Direct electrochemistry and electrocatalytic properties of hemoglobin immobilized on a carbon ionic liquid electrode modified with mesoporous molecular sieve MCM-41

Abstract

The direct electron transfer and electrocatalysis of hemoglobin (Hb) entrapped in the MCM-41 modified carbon ionic liquid electrode (CILE) were investigated by using cyclic voltammetry in 0.10 M pH 7.0 phosphate buffer solution (PBS). Due to its uniform pore structure, high surface areas and good biocompatibility, the mesoporous silica sieve MCM-41 provided a suitable matrix for immobilization of biomolecule.

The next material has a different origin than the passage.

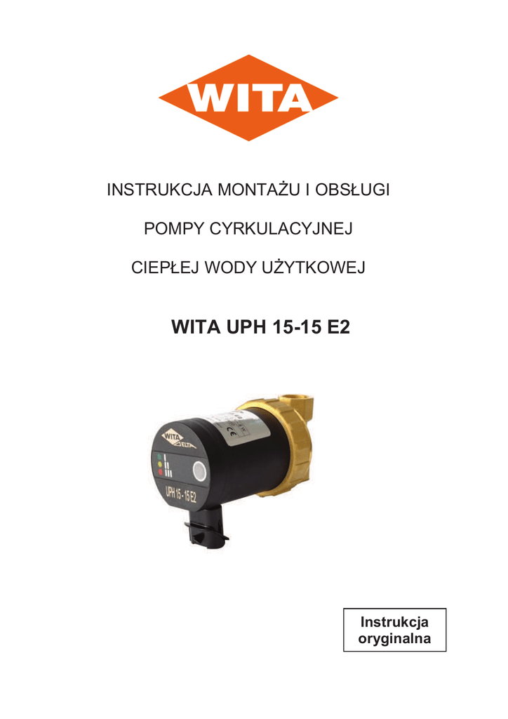 INSTRUKCJA MONTAŻU I OBSŁUGI POMPY CYRKULACYJNEJ CIEPŁEJ WODY UŻYTKOWEJ WITA UPH 15-15 E2 Instrukcja oryginalna DEKLARACJA ZGODNOŚCI NR 06/2012 Producent: Hel-Wita Sp. z o.o. Adres: 86-005 Białe Błota, Zielonka ul. Biznesowa 22 Osoba upoważniona do przygotowania dokumentacji technicznej: Michał Żołna, Hel-Wita Sp. z o.o. Adres: 86-005 Białe Błota, Zielonka ul. Biznesowa 22 Wyrób: Pompa typu UPH 15-15 E2 Opisany powyżej wyrób jest zgodny z następującymi dyrektywami Parlamentu Europejskiego i Rady które dotyczą: 1. kompatybilności elektromagnetycznej nr 2004/108/WE, 2. urządzeń elektrycznych niskonapięciowych nr 2006/95/WE, Zastosowane zharmonizowane normy: PN-EN 60335-1:2012 PN-EN 60335-2-51:2005 + A1:2008 + A2:2012 PN-EN 61000-6-1:2008 PN-EN 61000-6-3:2008 + A1:2011 Zastosowane przedmiotowe normy: PN-EN 1151-1:2007 + PN-EN 1151-1:2007/AC:2007 Kopia Deklaracji Zgodności na www.hel-wita.com.pl Grzegorz Chróściński Koordynator Produkcji Zielonka, dnia 27.11.2012 r. -2Instrukcja Oryginalna PL 27.11.2012, wydanie pierwsze, zmiany zastrzeżone SPIS TREŚCI 1. Wskazówki bezpieczeństwa 4 1.1. Informacje ogólne 1.2. Oznaczenie wskazówek w instrukcji obsługi 1.3. Kwalifikacje personelu 1.4. Bezpieczeństwo pracy 1.5. Wskazówki bezpieczeństwa dla użytkownika 1.6. Wskazówki bezpieczeństwa dot. montażu i prac konserwacyjnych 1.7.Niebezpieczeństwo w przypadku nieprzestrzegania wskazówek bezpieczeństwa 1.8. Samowolna przebudowa i części zamienne 1.9. Utylizacja 4 4 4 5 5 5 6 6 2. Podłączenie i obsługa 6 2.1. Zastosowanie 2.2. Montaż 2.3. Podłączenie elektryczne 2.4. Uruchomienie 2.5. Obsługa 6 6 7 7 8 3. Opis techniczny 8 3.1. Konstrukcja pompy 3.2. Dane techniczne 3.3. Charakterystyka pompy 3.4. Zakłócenia pracy 8 9 9 9 5 4. Załączniki 11 5. Gwarancja 12 -3Instrukcja Oryginalna PL 27.11.2012, wydanie pierwsze, zmiany zastrzeżone 1. Wskazówki bezpieczeństwa 1.1. Informacje ogólne Niniejsza instrukcja montażu i obsługi jest elementem składowym produktu i zawiera podstawowe informacje do których należy się stosować podczas montażu, użytkowania i konserwacji. Należy przestrzegać przedstawionych w tej instrukcji wskazówek bezpieczeństwa oraz krajowych przepisów zapobiegania wypadkom. Dlatego przed rozpoczęciem instalacji konieczne jest zapoznanie się z nią instalatora oraz personelu wzgl. użytkownika. UWAGA!!! „Niniejszy sprzęt nie jest przeznaczony do użytkowania przez osoby (w tym dzieci) o ograniczonej zdolności fizycznej, czuciowej lub psychicznej, lub osoby nie mające doświadczenia lub znajomości sprzętu, chyba że odbywa się to pod nadzorem lub zgodnie z instrukcja użytkowania sprzętu, przekazanej przez osoby odpowiadające za ich bezpieczeństwo. Należy zwracać uwagę na dzieci, aby nie bawiły się sprzętem” 1.2. Oznaczenie wskazówek w instrukcji obsługi Ogólny symbol niebezpieczeństwa Ostrzeżenie! Niebezpieczeństwo powstania uszczerbku na zdrowiu! Należy przestrzegać przepisów zapobiegania wypadkom. Ostrzeżenie! Niebezpieczeństwo wysokiego napięcia! Należy wykluczyć zagrożenia wynikające z występowania wysokiego napięcia. Należy przestrzegać krajowych oraz wewnętrznych przepisów i zasad ochrony przeciwporażeniowej. Wskazówka Tutaj zawarte są przydatne wskazówki dotyczące użytkowania produktu. Wskazują one na możliwość wystąpienia trudności, mają zapewnić bezpieczną pracę. 1.3. Kwalifikacje personelu Personel odpowiedzialny za montaż, obsługę i konserwację musi posiadać odpowiednie kwalifikacje. Użytkownik jest zobowiązany określić zakres odpowiedzialności i zapewnić nadzór personelu. Jeśli personel nie będzie posiadać niezbędnej wiedzy należy go odpowiednio przeszkolić. -4Instrukcja Oryginalna PL 27.11.2012, wydanie pierwsze, zmiany zastrzeżone 1.4. Bezpieczeństwo pracy Należy przestrzegać przedstawionych w tej instrukcji wskazówek bezpieczeństwa oraz krajowych przepisów zapobiegania wypadkom. 1.5. Wskazówki bezpieczeństwa dla użytkownika - podczas pracy urządzenia nie wolno demontować lub wyłączać ewent. występujących elementów chroniących przed kontaktem z poruszającymi się częściami - jeśli wskutek nieszczelności dojdzie do wycieku cieczy, należy go zneutralizować, aby nie doszło do zagrożeń dla osób lub środowiska - należy wykluczyć zagrożenia wynikające z występowania energii elektrycznej. Tutaj należy stosować się do przepisów i zasad ochrony przeciwporażeniowej - jeżeli podczas pracy urządzenia jego podzespoły będą silnie nagrzewały się lub nadmiernie oziębiały, konieczne jest zamontowanie dodatkowych osłon ochronnych - materiały łatwopalne należy przechowywać z dala od produktu 1.6. Wskazówki bezpieczeństwa dot. montażu i prac konserwacyjnych Użytkownik urządzenia jest odpowiedzialny za to, aby wszelkie prace montażowe i konserwacyjne wykonywane były przez wykwalifikowany personel. Konieczne jest uprzednie zapoznanie się z instrukcją obsługi produktu. W/w. prace mogą być wykonywane wyłącznie na wyłączonym urządzeniu. Zalecane kroki postępowania dotyczące unieruchomienia znajdują się w instrukcji obsługi. Po zakończeniu prac należy ponownie zamontować wszelkie elementy ochronne, jak np. osłony ochronne przed bezpośrednim kontaktem. 1.7. Niebezpieczeństwo w przypadku nieprzestrzegania wskazówek bezpieczeństwa Jeśli wskazówki bezpieczeństwa nie będą przestrzegane dojść może do powstania niebezpieczeństwa dla personelu, środowiska oraz urządzenia. Niestosowanie się do w.w. wskazówek prowadzi do utraty jakichkolwiek roszczeń do odszkodowań. Możliwe zagrożenia to np.: - zagrożenie bezpieczeństwa osób wskutek elektrycznych lub mechanicznych oddziaływań - nieprawidłowe działanie istotnych funkcji urządzenia - zagrożenie środowiska wskutek wycieku płynów spowodowanego nieszczelnościami - nieprawidłowo przeprowadzone zalecane naprawy i p

The MCM-41 modified CILE showed significant promotion to the direct electron transfer of Hb, which exhibited a pair of well defined and quasi-reversible peaks for heme Fe(III)/Fe(II) with a formal potential of −0.284 V (vs. Ag/AgCl). Additionally, the Hb immobilized on the MCM-41 modified carbon ionic liquid electrode showed excellent electrocatalytic activity toward H 2O 2. The electrocatalytic current values were linear with increasing concentration of H 2O 2 in a wide range of 5–310 μM and the corresponding detection limit was calculated to be 5 × 10 −8 M (S/N = 3). The surface coverage of Hb immobilized on the MCM-41 modified carbon ionic liquid electrode was about 2.54 × 10 −9 mol cm −2. The Michaelis–Menten constant K m app of 214 μM indicated that the Hb immobilized on the modified electrode showed high affinity to H 2O 2. The proposed electrode had high stability and good reproducibility due to the protection effect of MCM-41 and ionic liquid, and it would have wide potential applications in direct electrochemistry, biosensors and biocatalysis.